The daily La Nación reported Thursday that José María Villalta of the Broad Front Party (FA), Johnny Araya of National Liberation (PLN), and Otto Guevara of the Libertarian Movement Party are in a statistical tie, according to a poll by Unimer.

The left-leaning Villalta moved into first place for the first time in a national survey with 22.2 percent of likely voters saying they would support him, followed by Araya, with 20.3 percent, and Guevara, with 20.2 percent.

Villalta supporters though should hold their breath before celebrating the news. The survey of 2,469 Costa Ricans has a 2.2 percent margin of error, landing the top three candidates on equal footing, statistically, at least.

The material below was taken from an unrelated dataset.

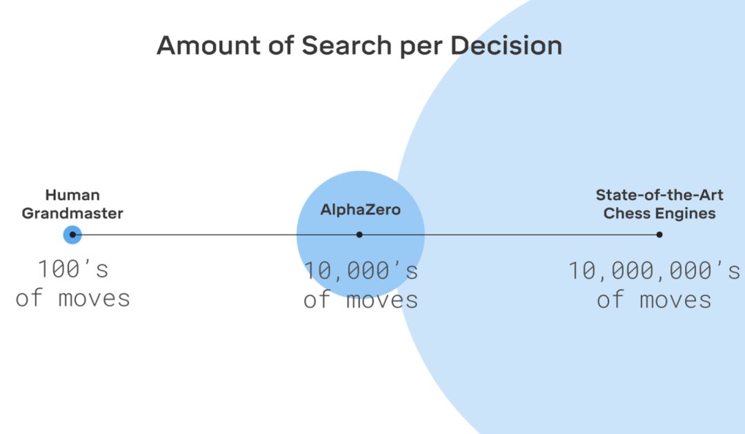 例如,在国际象棋中,它每秒仅搜索6万个位置,相比之下,Stockfish大约有6千万个位置。

Former San José mayor Araya has seen a steep decline in support since his high in September of more than 50 percent. Meanwhile, Villalta and Guevara – political polar opposites – have bounded upward.

Luis Guillermo Solís of the Citizen Action Party (PAC) and Rodolfo Piza of the Social Christian Unity Party (PUSC) continue to limp along at 5.5 percent and 3.6 percent, respectively.

Both Araya and Solís on Thursday dismissed the poll as inaccurate.

The remaining seven presidential candidates garnered 5.8 percent.

Despite the close race, none of the top three candidates has the 40 percent required to avoid a runoff election in April.

The last time Costa Rica had a runoff election was in 2002, when Abel Pacheco of PUSC beat the PLN’s Ronaldo Araya, according to La Nación.

More than 46 percent of those surveyed by Unimer between Jan. 6 and Jan. 12 reported they would vote and had already chosen a candidate, while 21.4 were unlikely to vote.

This leaves 32 percent of likely voters up for grabs who have yet to settle on a candidate, a portion of the electorate that could easily push one candidate over the edge to victory in the first round.

Not so fast, say Solís, Araya

Ruling party candidate Araya disputed the results Thursday morning.

“First of all, I disqualify the results of this poll, and I disqualify them categorically,” he told La Nación in a telephone interview.

The CID-Gallup poll released Tuesday gave Araya a growing lead of 39 percent of likely voters, compared to 26 percent in favor of Villalta and 18 percent for Guevara.

PAC candidate Solís also took issue with the last two surveys, from CID-Gallup on Tuesday, and Unimer’s Thursday.

Solís posted a YouTube video rejecting the results and suggestions that his political party has stagnated in the polls.

Don’t be fooled by the polls! We’re the cause of joy and we’re going to win,” Solís tweeted Thursday.